-- Opening Marker --
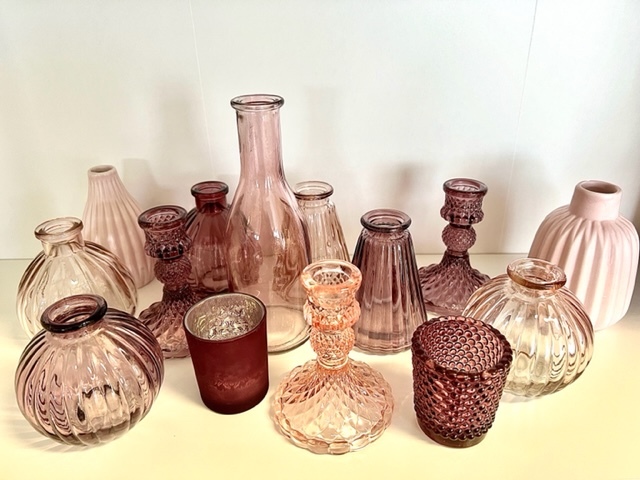 ke kombinování s dalšími podobnými vázičkami a svícny v růžové barvě
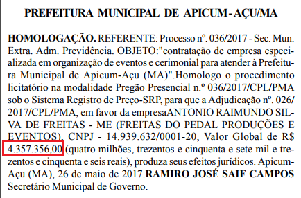O extrato do contrato revela que a empresa Freitas do Pedal Produções & Eventos, localizada no Maranhão Novo, em São Luís, foi a vencedora dos 2 lotes oferecidos pela Prefeitura e deve faturar nada menos do que R$ 4.357.356,00 (quatro milhões, trezentos e cinquenta e sete mil e trezentos e cinquenta e seis reais).
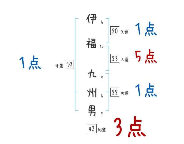 外運![]() | 伊福九州男さんの外運は19画の1つ星!優れた才能を持ちますが、協調性が足りないことも。周りの人と協力する事を意識しましょう。 生活面を象徴する運勢です。外部から受ける影響力を表し、結婚運、家庭運や職場、環境への順応性を表します。 |
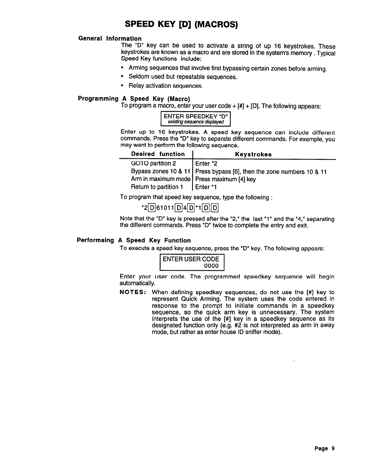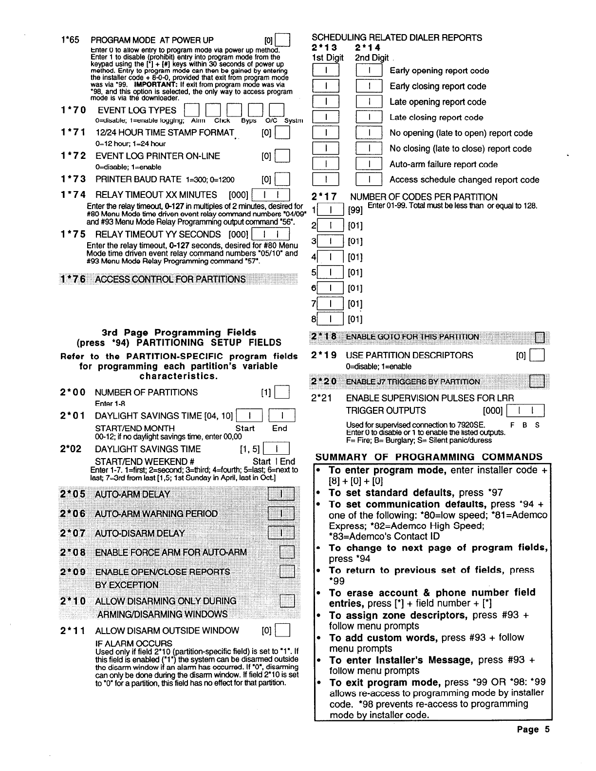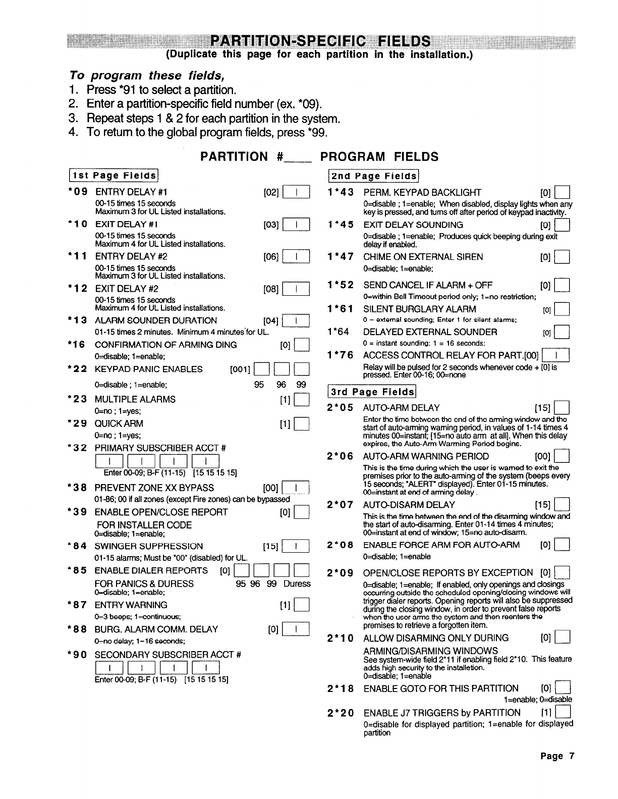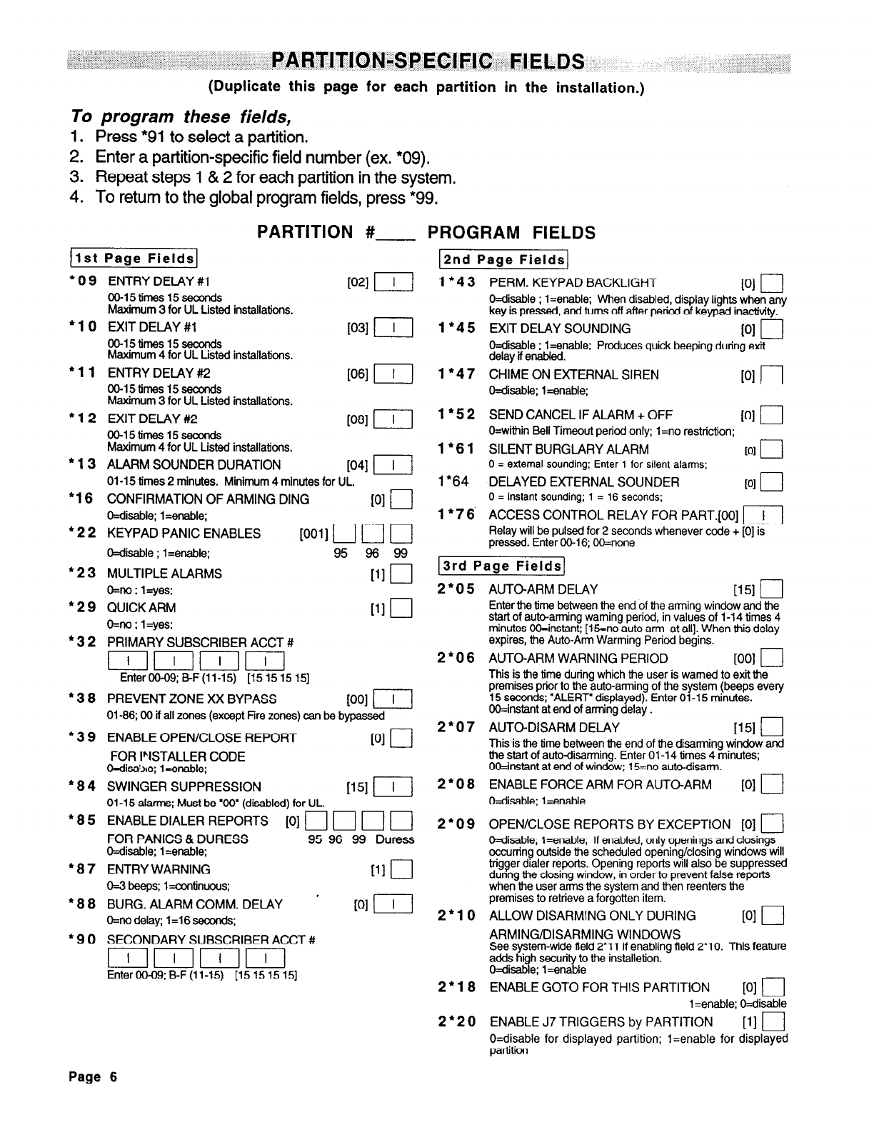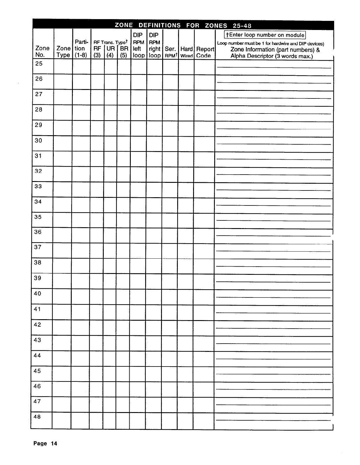 RESPONSE TYPES: 00 = Disabled zone; 01 = Entry/Exit #l;
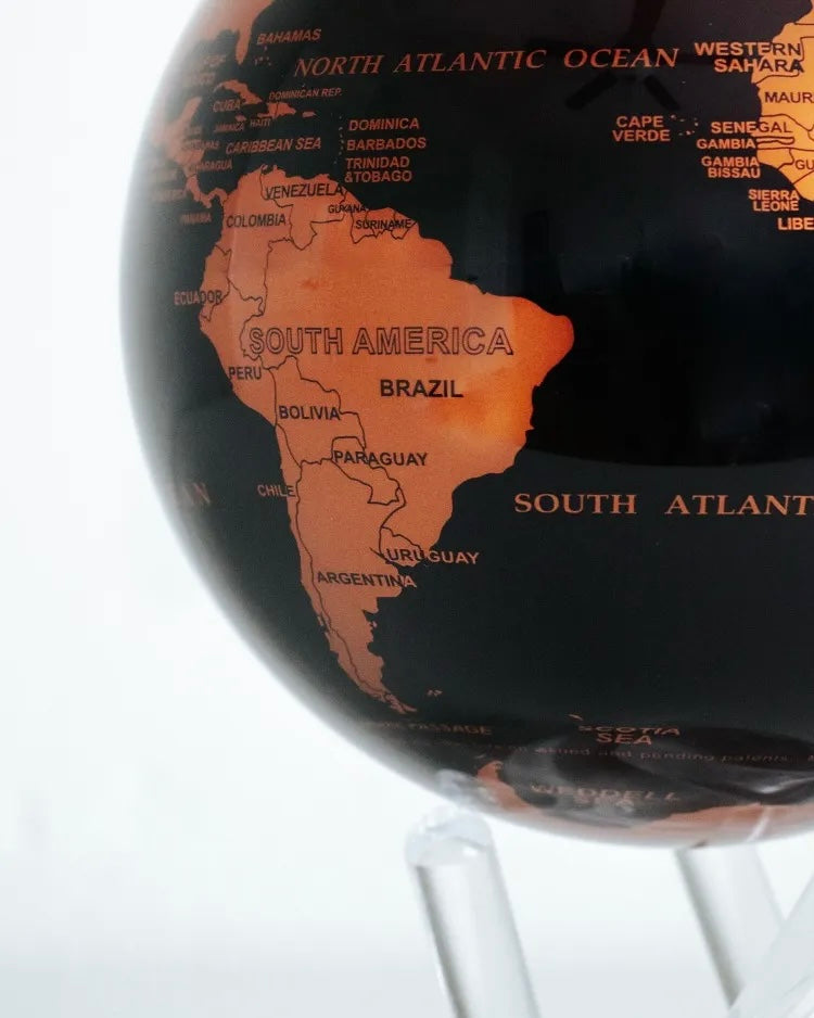 Schon auf den ersten Blick werden Sie von der geheimnisvollen Anziehungskraft dieses Globus fasziniert sein. Der Farbton des Wassers fängt die geheimnisvolle Dunkelheit der Ozeane ein. Kupferfarbene Landmassen erzeugen einen starken Kontrast, der den dramatischen Eindruck noch verstärkt. Dieses Stück eignet sich gut für eine Vielzahl von Inneneinrichtungen – von modern bis klassisch.
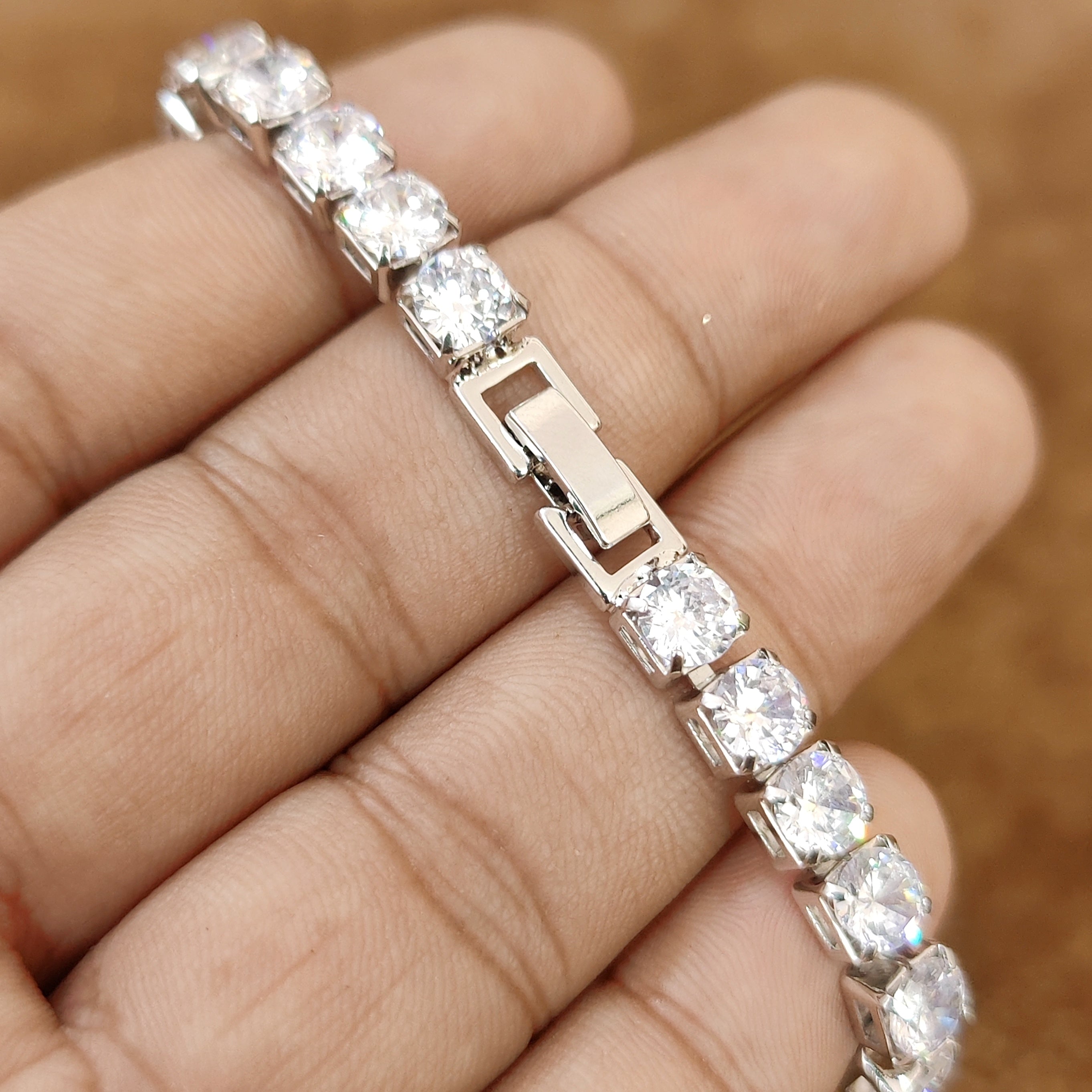 Elevate your elegance with our Single Line Solitaire Look Silver Tennis Bracelet, designed to bring timeless sophistication to your jewelry collection. Crafted with precision, this bracelet features a sleek row of dazzling solitaire-look stones, set in a lustrous silver-plated finish that mimics the brilliance of real diamonds. Its lightweight yet durable design ensures a comfortable fit for daily wear or special occasions. Whether worn solo for a minimalist charm or stacked for a bold statement, this bracelet is a must-have accessory for every modern woman.
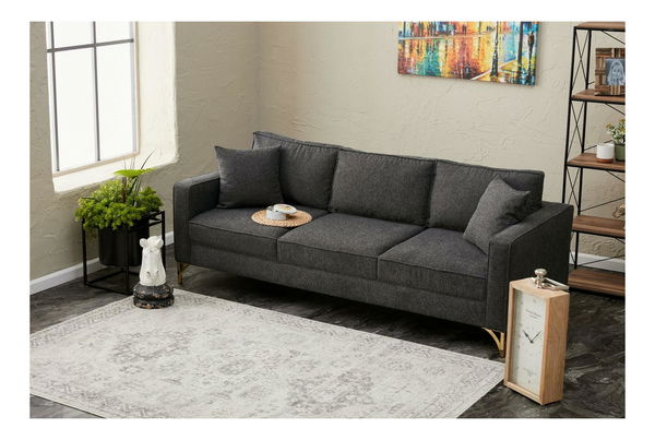Trojmiestna pohovka Berlunetta v antracitovej farbe so zlatými kovovými nohami je ideálnym doplnkom do moderných aj klasických obývacích izieb. Jej pevný bukový rám zaručuje dlhú životnosť a stabilitu, zatiaľ čo kvalitná 100% polyesterová tkanina je odolná a zároveň ľahko udržiavateľná, čo ocení každý, kto hľadá praktický a zároveň štýlový kus nábytku. Ak hľadáte aj ďalšie možnosti pohodlného sedenia, môžete zvážiť rozkladacie sedačky vhodné na každodenné spanie, ktoré ponúkajú flexibilitu a komfort.
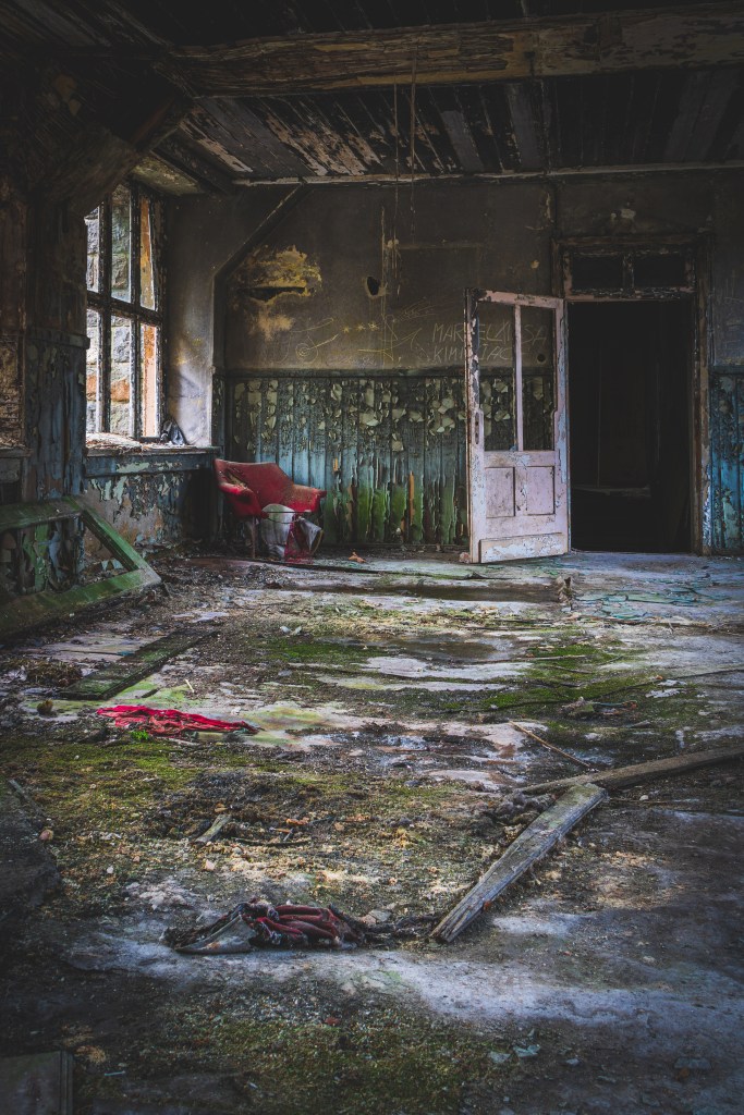 So stand ich in der Eingangshalle, welche früher bestimmt recht eindrucksvoll seine Gäste empfang. Ich erkundete zuerst das Erdgeschoss. Hier war früher der Speisesaal, welcher heute komplett eingefallen ist. Ich machte mehrere Fotos, wegen den schwierigen Lichtverhältnissen, immer mit Stativ. Im Obergeschoss angekommen fand ich die Besucherzimmer. Der Putz war hier schon vor langer Zeit von den Wänden gefallen, aber Lampen und Gardinen hielten sich immer noch an den für sie vorgesehenen Plätzen. Sehr morbide anzusehen. Gefällt mir sehr!
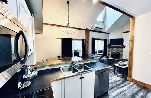 Unwind and Relax: Step inside and feel right at home with modern amenities like vinyl plank flooring, sleek appliances, a fully stocked kitchen and four TVs for your entertainment. After a day on the slopes, soak in the private hot tub on the deck or snuggle up by the stone fireplace. Full in-suite laundry ensures you have everything you need for a comfortable stay.
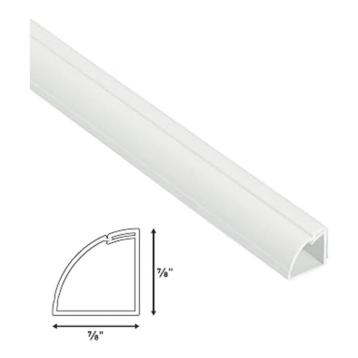 Las dimensiones de 0.87 x 0.87 pulgadas ancho x alto cuarto redondo escalan bien para mezclarse con zócalos populares, mientras que proporcionan capacidad para cables doblados alrededor de las esquinas, ideal para cubrir cables en bancos y encimeras también.
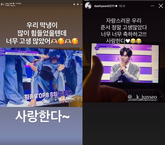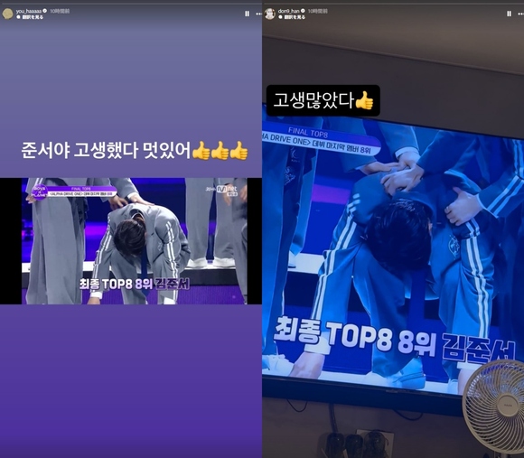 キム・ドンハンは親指を立てた絵文字と共に「ご苦労さま」と一言添え、ユ・ヨンハも「ジュンソ、お疲れ様。かっこいいよ」と喜びをリアルタイムで伝えた。
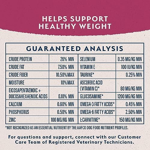 Low calorie recipe made with chicken meal and salmon meal for great tasting nutrition. A special blend of fiber to help dogs feel fuller longer and support healthy digestion and targeted levels of L-Carnitine to help maintain a healthy weight. A special fiber blend helps dog’s feel full and satisfied. Formulated with superfoods and guaranteed levels of antioxidant vitamins and minerals to help maintain a healthy immune system. Made with wholesome grain.
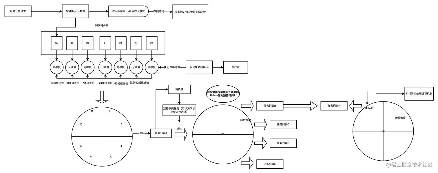 如果任务按照分钟级别来定时执行,那么当分钟时间轮达到对应刻度时,就会将任务交给异步线程来处理,然后将任务再次注册到秒级别的时钟轮上。
-- Closing Marker --
WHAT TO DO: Could you transcribe exactly the lines from the start of the records through the line containing "O extrato do", both ends included, leaving the pictures out?

ANSWER TO THIS TASK:
 ke kombinování s dalšími podobnými vázičkami a svícny v růžové barvě
O extrato do contrato revela que a empresa Freitas do Pedal Produções & Eventos, localizada no Maranhão Novo, em São Luís, foi a vencedora dos 2 lotes oferecidos pela Prefeitura e deve faturar nada menos do que R$ 4.357.356,00 (quatro milhões, trezentos e cinquenta e sete mil e trezentos e cinquenta e seis reais).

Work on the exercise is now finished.